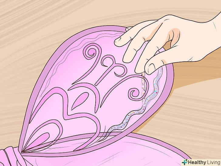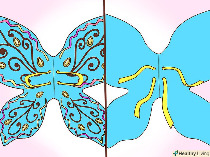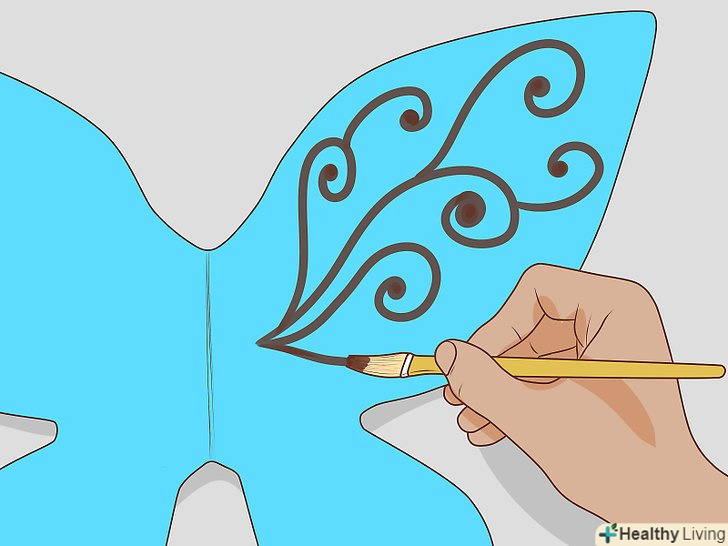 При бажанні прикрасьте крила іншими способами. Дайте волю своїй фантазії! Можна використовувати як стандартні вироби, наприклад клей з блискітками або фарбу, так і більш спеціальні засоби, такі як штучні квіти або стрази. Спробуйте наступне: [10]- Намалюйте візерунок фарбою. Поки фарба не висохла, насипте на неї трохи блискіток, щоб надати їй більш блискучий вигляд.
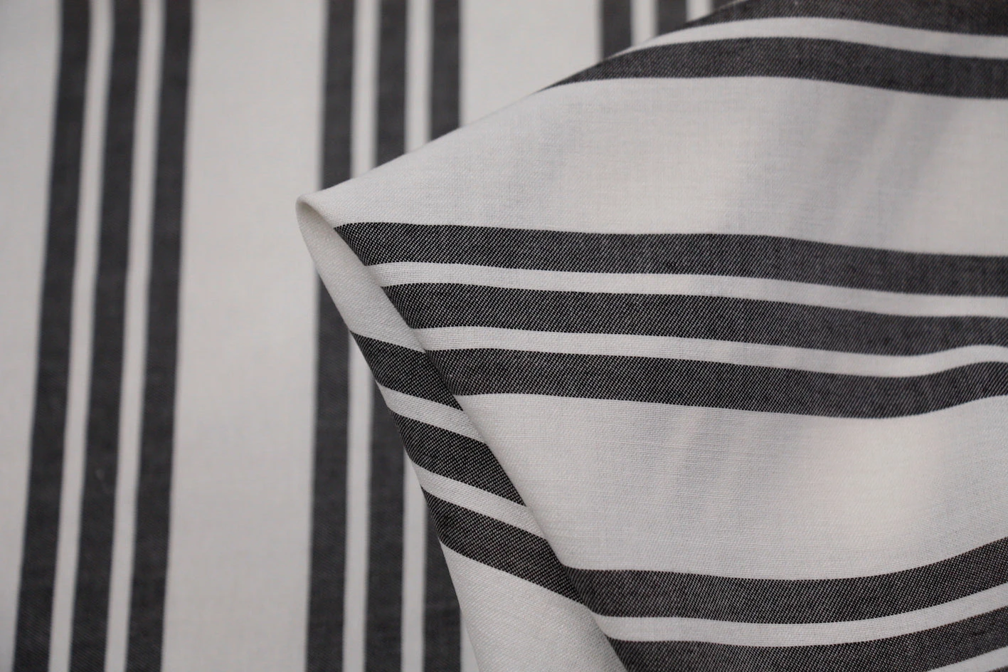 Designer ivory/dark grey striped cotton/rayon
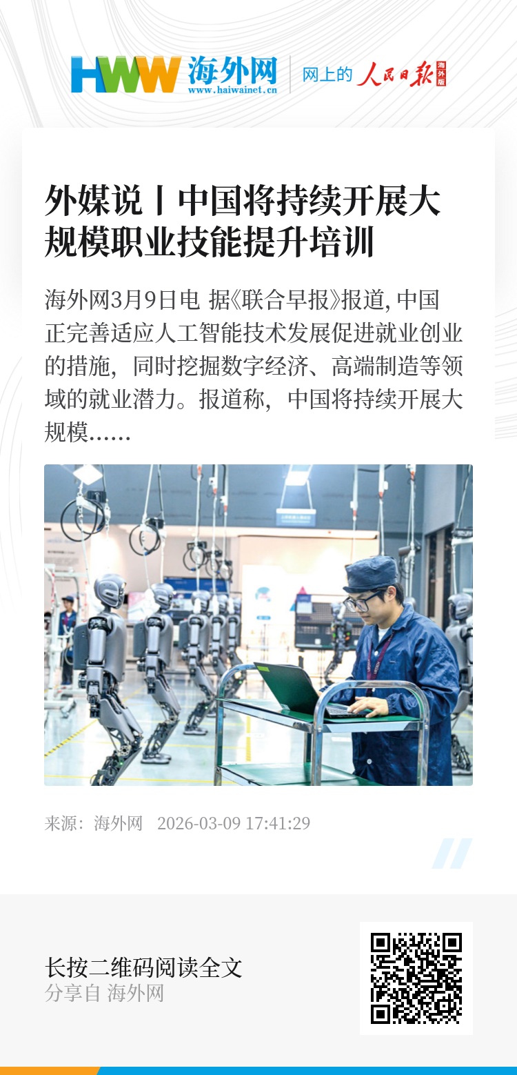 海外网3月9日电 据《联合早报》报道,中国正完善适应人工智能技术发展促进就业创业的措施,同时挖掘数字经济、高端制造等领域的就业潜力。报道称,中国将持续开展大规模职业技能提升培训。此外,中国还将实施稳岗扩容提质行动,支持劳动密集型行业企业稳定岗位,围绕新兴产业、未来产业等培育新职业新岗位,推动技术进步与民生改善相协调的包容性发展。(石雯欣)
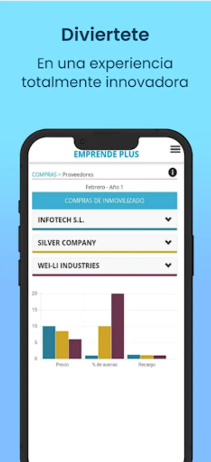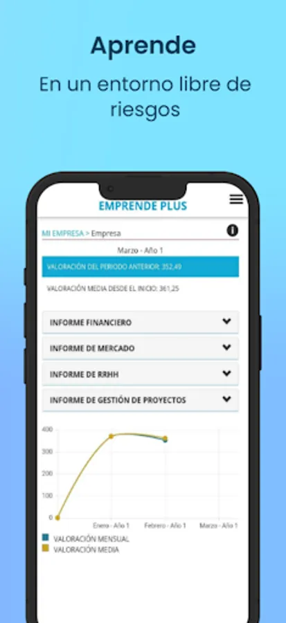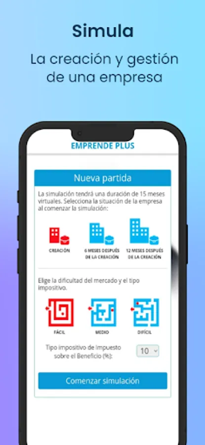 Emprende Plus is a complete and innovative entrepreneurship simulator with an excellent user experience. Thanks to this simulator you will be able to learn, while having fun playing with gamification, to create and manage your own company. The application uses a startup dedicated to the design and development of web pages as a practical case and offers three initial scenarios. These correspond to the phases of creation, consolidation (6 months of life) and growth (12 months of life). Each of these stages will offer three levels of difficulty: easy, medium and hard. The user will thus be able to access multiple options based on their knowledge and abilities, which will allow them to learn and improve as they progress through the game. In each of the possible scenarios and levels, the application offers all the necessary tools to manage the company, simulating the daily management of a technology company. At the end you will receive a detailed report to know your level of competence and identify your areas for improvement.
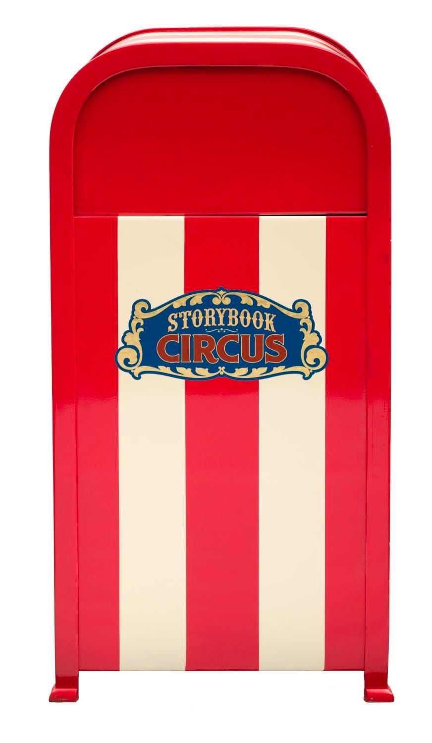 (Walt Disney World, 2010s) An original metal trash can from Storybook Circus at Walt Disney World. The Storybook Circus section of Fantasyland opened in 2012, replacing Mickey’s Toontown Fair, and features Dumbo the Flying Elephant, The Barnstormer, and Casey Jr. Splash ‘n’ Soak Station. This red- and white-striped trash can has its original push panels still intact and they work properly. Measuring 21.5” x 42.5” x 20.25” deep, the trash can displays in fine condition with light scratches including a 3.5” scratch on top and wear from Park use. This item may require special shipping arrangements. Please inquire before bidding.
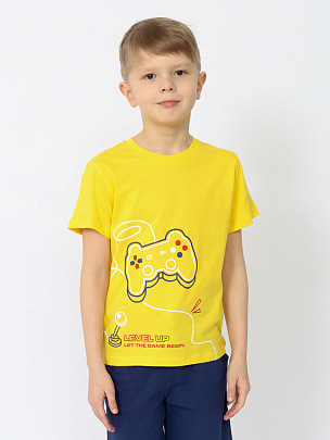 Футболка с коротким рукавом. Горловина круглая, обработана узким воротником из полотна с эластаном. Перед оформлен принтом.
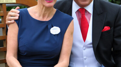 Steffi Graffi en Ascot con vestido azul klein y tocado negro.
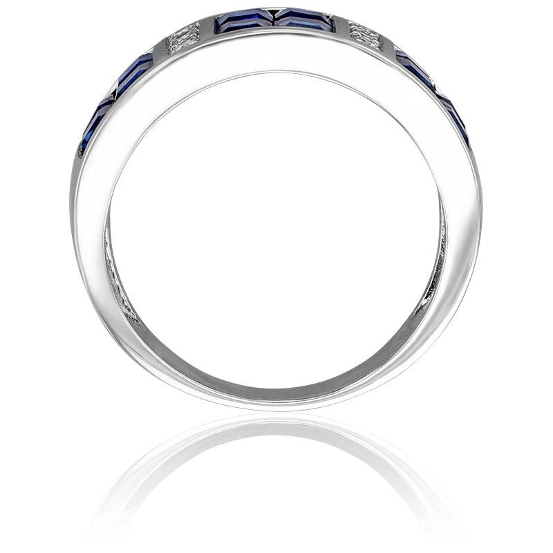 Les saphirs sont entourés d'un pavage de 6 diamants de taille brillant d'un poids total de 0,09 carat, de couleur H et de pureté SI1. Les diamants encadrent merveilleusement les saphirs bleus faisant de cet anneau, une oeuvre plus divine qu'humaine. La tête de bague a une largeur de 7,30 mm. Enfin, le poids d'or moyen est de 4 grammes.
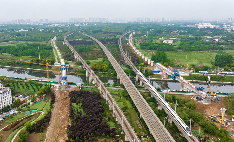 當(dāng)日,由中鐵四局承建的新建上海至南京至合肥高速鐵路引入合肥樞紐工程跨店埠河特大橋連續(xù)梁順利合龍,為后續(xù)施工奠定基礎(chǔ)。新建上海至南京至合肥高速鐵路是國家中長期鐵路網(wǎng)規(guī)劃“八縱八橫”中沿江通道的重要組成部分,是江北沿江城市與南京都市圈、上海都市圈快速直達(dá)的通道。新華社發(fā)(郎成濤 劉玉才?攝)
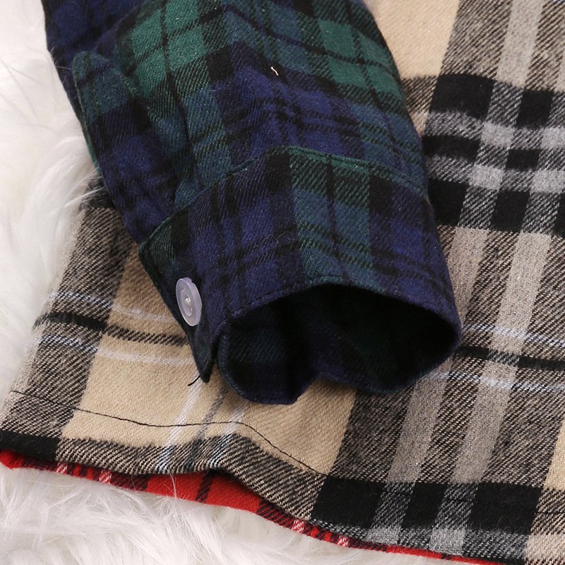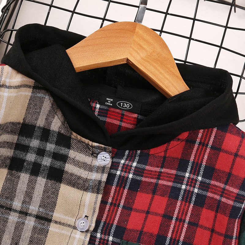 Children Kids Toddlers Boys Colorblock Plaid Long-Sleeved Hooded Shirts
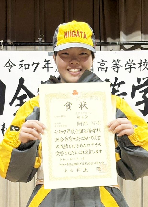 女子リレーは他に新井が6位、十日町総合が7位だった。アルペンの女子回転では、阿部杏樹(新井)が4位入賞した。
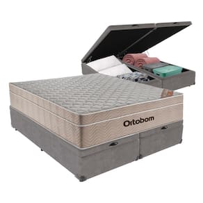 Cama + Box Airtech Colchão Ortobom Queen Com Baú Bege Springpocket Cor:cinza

■ ■ ■ ■ ■

» Aim of the exercise
Give again the stretch of lines above from the one with "(Walt Disney World, 2010s)" through the one with "Футболка с коротким", both ends kept, and copy no pictures.

» Task solution
 (Walt Disney World, 2010s) An original metal trash can from Storybook Circus at Walt Disney World. The Storybook Circus section of Fantasyland opened in 2012, replacing Mickey’s Toontown Fair, and features Dumbo the Flying Elephant, The Barnstormer, and Casey Jr. Splash ‘n’ Soak Station. This red- and white-striped trash can has its original push panels still intact and they work properly. Measuring 21.5” x 42.5” x 20.25” deep, the trash can displays in fine condition with light scratches including a 3.5” scratch on top and wear from Park use. This item may require special shipping arrangements. Please inquire before bidding.
 Футболка с коротким рукавом. Горловина круглая, обработана узким воротником из полотна с эластаном. Перед оформлен принтом.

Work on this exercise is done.